-- MATERIAL PROVIDED follows --

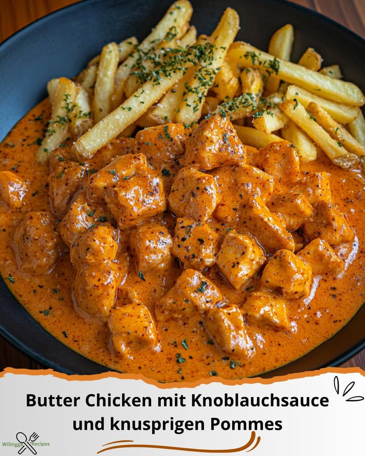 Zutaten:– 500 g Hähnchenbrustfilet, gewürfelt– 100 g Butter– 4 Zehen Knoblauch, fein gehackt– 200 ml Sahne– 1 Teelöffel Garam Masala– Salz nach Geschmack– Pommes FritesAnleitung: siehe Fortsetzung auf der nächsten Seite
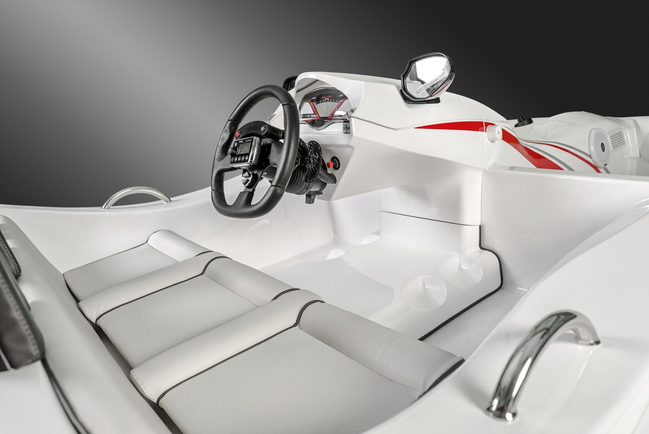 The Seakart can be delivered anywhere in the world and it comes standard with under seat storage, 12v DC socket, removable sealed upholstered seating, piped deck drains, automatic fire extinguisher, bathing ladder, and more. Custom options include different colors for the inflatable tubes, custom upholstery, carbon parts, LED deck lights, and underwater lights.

-- MATERIAL PROVIDED concluded --
-- MATERIAL PROVIDED follows --

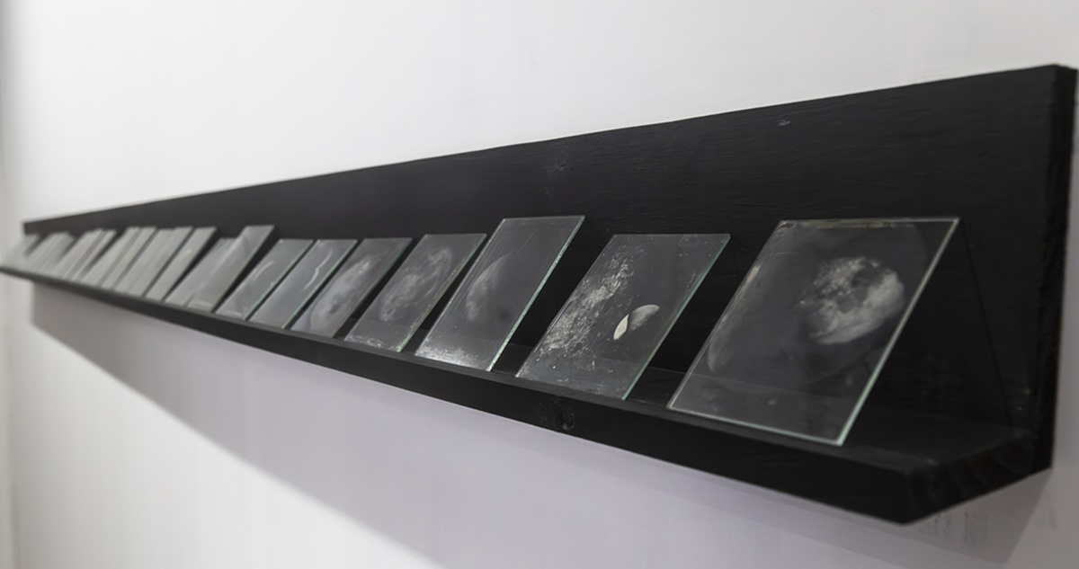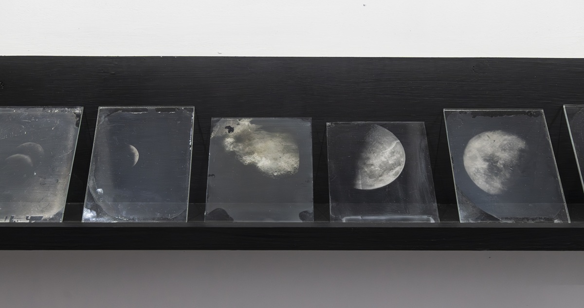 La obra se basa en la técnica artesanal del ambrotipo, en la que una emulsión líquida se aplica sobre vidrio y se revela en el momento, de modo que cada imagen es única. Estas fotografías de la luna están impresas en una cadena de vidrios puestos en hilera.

-- MATERIAL PROVIDED concluded --
-- MATERIAL PROVIDED follows --

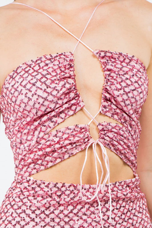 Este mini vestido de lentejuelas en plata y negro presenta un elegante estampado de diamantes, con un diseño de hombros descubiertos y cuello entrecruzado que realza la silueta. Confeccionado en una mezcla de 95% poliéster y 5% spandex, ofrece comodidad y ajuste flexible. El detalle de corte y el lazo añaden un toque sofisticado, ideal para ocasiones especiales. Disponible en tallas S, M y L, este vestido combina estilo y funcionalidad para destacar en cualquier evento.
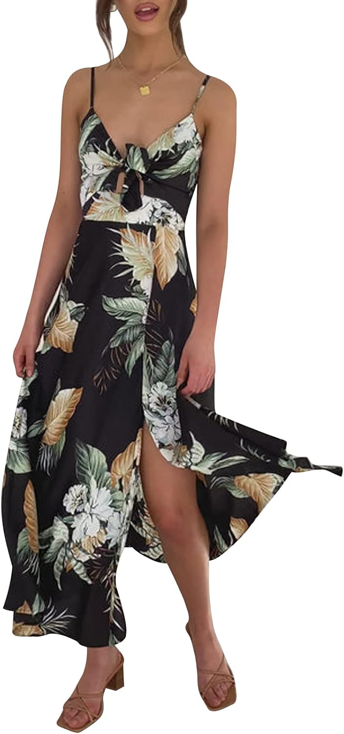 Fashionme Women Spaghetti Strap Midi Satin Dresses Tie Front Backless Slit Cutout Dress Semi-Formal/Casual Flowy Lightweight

-- MATERIAL PROVIDED concluded --

§ **TO DO**: From the listing above, restate verbatim the lines running from the one with "Zutaten:– 500 g" through the one with "The Seakart can", inclusive, but not the pictures.

§ **OUTPUT**:
 Zutaten:– 500 g Hähnchenbrustfilet, gewürfelt– 100 g Butter– 4 Zehen Knoblauch, fein gehackt– 200 ml Sahne– 1 Teelöffel Garam Masala– Salz nach Geschmack– Pommes FritesAnleitung: siehe Fortsetzung auf der nächsten Seite
 The Seakart can be delivered anywhere in the world and it comes standard with under seat storage, 12v DC socket, removable sealed upholstered seating, piped deck drains, automatic fire extinguisher, bathing ladder, and more. Custom options include different colors for the inflatable tubes, custom upholstery, carbon parts, LED deck lights, and underwater lights.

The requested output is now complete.